Year of Publication

2022

Degree Name

Doctor of Nursing Practice

Committee Chair

Dr. Julianne Ossege

Clinical Mentor

Dr. Julianne Ewen

Committee Member

Dr. Angela Grubbs

Abstract

Background: Medicare Wellness Visits (MWV) came into use in 2011 to provide Medicare patients and their providers a chance to create a 5 to 10 year plan to prevent illness, disease, and disability. These visits are often underutilized due to various barriers on both the provider and patient side.

Purpose: The purpose of this study is to assess provider barriers to conducting MWVs and provide an educational tool that will assist providers in increasing the number of MWVs conducted within this system.

Design: This is a descriptive, quasi-experimental study to assess provider barriers combined with a Quality improvement project that will focus on overcoming one of these barriers.

Methods: Provider barriers to MWVs were assessed via electronic survey. The educational tool, the ‘Differences Between Visits’ chart, was introduced to providers at a single primary care clinic within the healthcare system. Providers were educated on how to use the chart. After two months, a second survey was sent to the providers at the clinic to assess whether the chart was helpful and if providers would be willing to continue using it.

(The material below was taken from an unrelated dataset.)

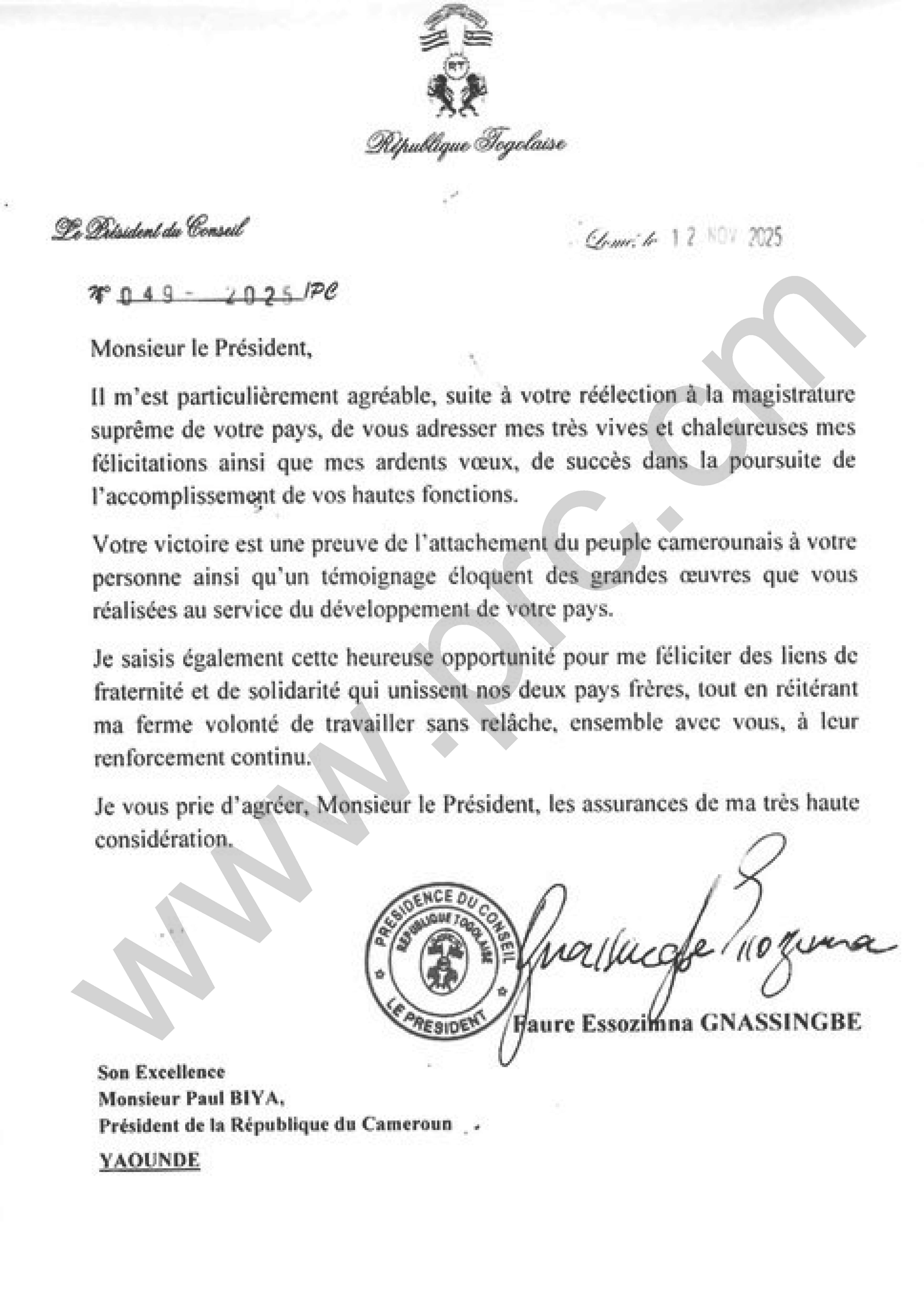 Message de félicitations du Président du Conseil du Togo, Son Excellence Faure Essozimna GNASSINGBÉ, au Président Paul Biya, suite à sa réélection à la Magistrature suprême de la République du Cameroun Imprimer Tweet < Précédent Suivant >

Results: Twelve respondents participated in the initial survey on provider barriers. Providers responded that the most important reason they did not complete MWVs was that they felt they already completed the requirements of the MWV during other visits and their patients want to discuss current health issues instead of discussing preventative measures. However, eight-three percent of the twelve respondents were somewhat or very likely to increase the number of MWVs they performed. After deployment of the ‘Differences Between Visits’ chart, one-hundred percent of the 4 providers who responded were satisfied with the chart and are somewhat or extremely likely to continue using the chart.

Discussion: In this study, providers seemed willing to improve the rate of MWVs they conducted and were receptive to the educational tool that was provided. Further research should be completed to identify strengths and weakness of the educational tool and what, if any, impact the tool has on completion of MWVs.